We modified both the zarr and xarray libraries to make that notebook possible, adding the FileChunkStore concept. The modified libraries are: https://github.com/rsignell-usgs/hurricane-ike-water-levels/blob/zarr-hdf5/binder/environment.yml#L20-L21

Feel free to try running the notebook yourself:
(If you run into a 'stream is closed` error computing the max of the zarr data, just run the cell again.
I'm trying to figure out why that error occurs sometimes)

The text was updated successfully, but these errors were encountered:

Cadair · 2020-02-05T15:47:43Z

I like the sound of the FileChunkStore. The ability to delegate reading chunks (and also metadata) to other libraries would be super useful for instance for asdf-format/asdf#718

rabernat · 2020-02-05T16:43:58Z

This recent blog post by @RPrudden gives some very pertinent suggestions:
https://medium.com/informatics-lab/arrays-on-the-fly-9509b6b2e46a

alimanfoo · 2020-02-07T17:18:08Z

Hi @rsignell-usgs, thanks a lot for posting, nice proof of concept.

rsignell-usgs · 2020-02-10T14:43:27Z

Thanks @alimanfoo! As @RPrudden pointed out to me, probably the neatest thing here is a mechanism for allowing existing community formats to be used efficiently via the Zarr library.

I've got a draft Medium post, in case folks are interested in commenting.

djhoese · 2020-02-10T15:01:49Z

Moving a question from gitter here: What would it take to do this type of operation for HDF5 files without generating the external .zmetadata file? For HDF5, could the C library be modified to read some byte range for the header, parse out the chunk locations for variable data, and then use that to load the chunks of data? I'm not sure if the HDF5 format has a static length header size which would probably be required to do this reliably.
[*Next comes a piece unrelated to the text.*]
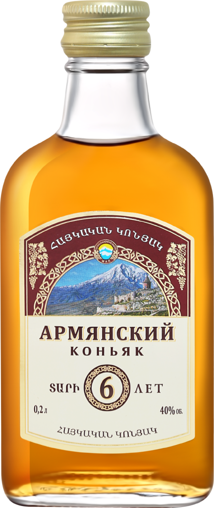 Элегантный коньяк Армянский Коньяк 6-летний изготовлен по традиционному армянскому рецепту и обладает характерным, классическим вкусом коньяков Араратской долины. Для изготовления напитка используется виноград сортов Кангун и Ркацители, который мягко прессуется, ферментируется и дистиллируется. Выдержка коньяка проводится в дубовых бочках и длится 6 лет. Коньяк рекомендуется употреблять в чистом виде, а также сочетать с мясными деликатесами, рыбой, сырами, десертами и спелыми абрикосами, добавлять в коктейли или кофе.

rsignell-usgs · 2020-02-10T16:42:26Z

@ajelenak can provide a better answer, but my understanding is that it would be pretty complicated to make the HDF5 library have the functionality we demonstrated here. That's what made using the Zarr library very convenient!
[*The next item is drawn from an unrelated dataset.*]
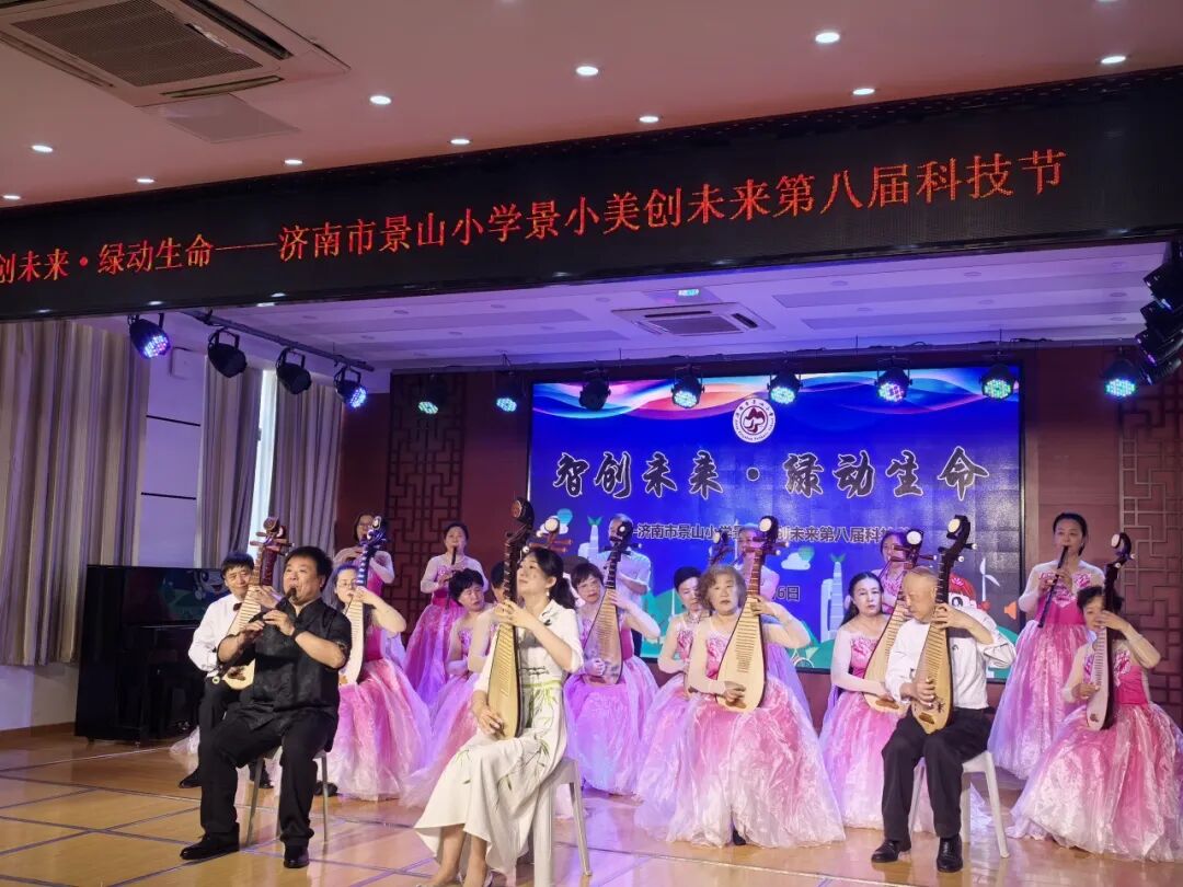 山东老年大学燕山校区艺术团带来手风琴联奏《花儿与少年》《西班牙斗牛曲》,琵琶与箫合奏《茉莉花》,以传统乐器演绎科技节主题,展现代际文化传承的魅力。

I know there are several annoying steps in the current workflow that could be improved upon. We could imagine computing the augmented .zmetadata on the fly, or perhaps invent some JSON convention "virtual zarr file" that points to both (1) the augmented .zmetadata and (2) the binary file containing the chunks.

Do folks have other ideas how this could be made more user friendly?

djhoese · 2020-02-10T16:57:18Z

We could imagine computing the augmented .zmetadata on the fly

When the binary file is first created? Or when the binary data is being read?

I'm just hoping I can read GOES-R ABI NetCDF4 data from Amazon/Google without having to convince NOAA to add .zmetadata files for everything. 😉

ajelenak · 2020-02-10T17:38:19Z

The HDF5 library has the S3 Virtual File Driver (released in v1.10.6, I think) that enables access to HDF5 files in S3. You also can use h5py with the library without this virtual file driver. I have an example notebook how to do that. Both of these methods are not optimized and need to make frequent requests for small amounts of file content to figure out chunk file locations.

To answer @rsignell-usgs, the HDF5 library would need some form of the very similar information as in .zmetadata so a post-creation step to generate that information would also be needed. Of course, the library could be extended to generate the "consolidated file content" on every file close operation.

One solution to this problem now could be that someone sets up a Lambda function that will generate .zmetadata each time NOAA uploads a new GOES file in their S3 bucket.

rsignell-usgs · 2020-02-10T18:42:08Z

@djhoese , you don't have to convince NOAA to create the augmented .zmetadata! You can create them yourself and start working effectively with that data right now!

djhoese · 2020-02-10T18:51:14Z

you don't have to convince NOAA to create the augmented .zmetadata! You can create them yourself and start working effectively with that data right now!

I thought I needed the entire input file to properly generate the .zmetadata with the script mentioned in the medium post?

rsignell-usgs · 2020-02-10T19:17:40Z

@djhoese, you just need to extract the metadata from the existing GOES NetCDF4 files and stick it in another file. Then you reference both files when you read, as in our example notebook

djhoese · 2020-02-10T19:33:29Z

you just need to extract the metadata from the existing GOES NetCDF4 files

I just read the notebook @ajelenak linked to. This makes it more clear. When the Python file-like object from fsspec is passed to h5py.File it doesn't read the entire file, but knows to only parse specific byte ranges to get all the metadata it needs. Even though it makes a ton of requests, It won't download the entire file which is what I was worried about. So theoretically you don't need to make the .zmetadata file, you could generate that information on the fly from a h5py.File object, but for the best performance and least amount of HTTP requests (as @ajelenak pointed out) a .zmetadata file should be created before processing. Correct me if I'm wrong.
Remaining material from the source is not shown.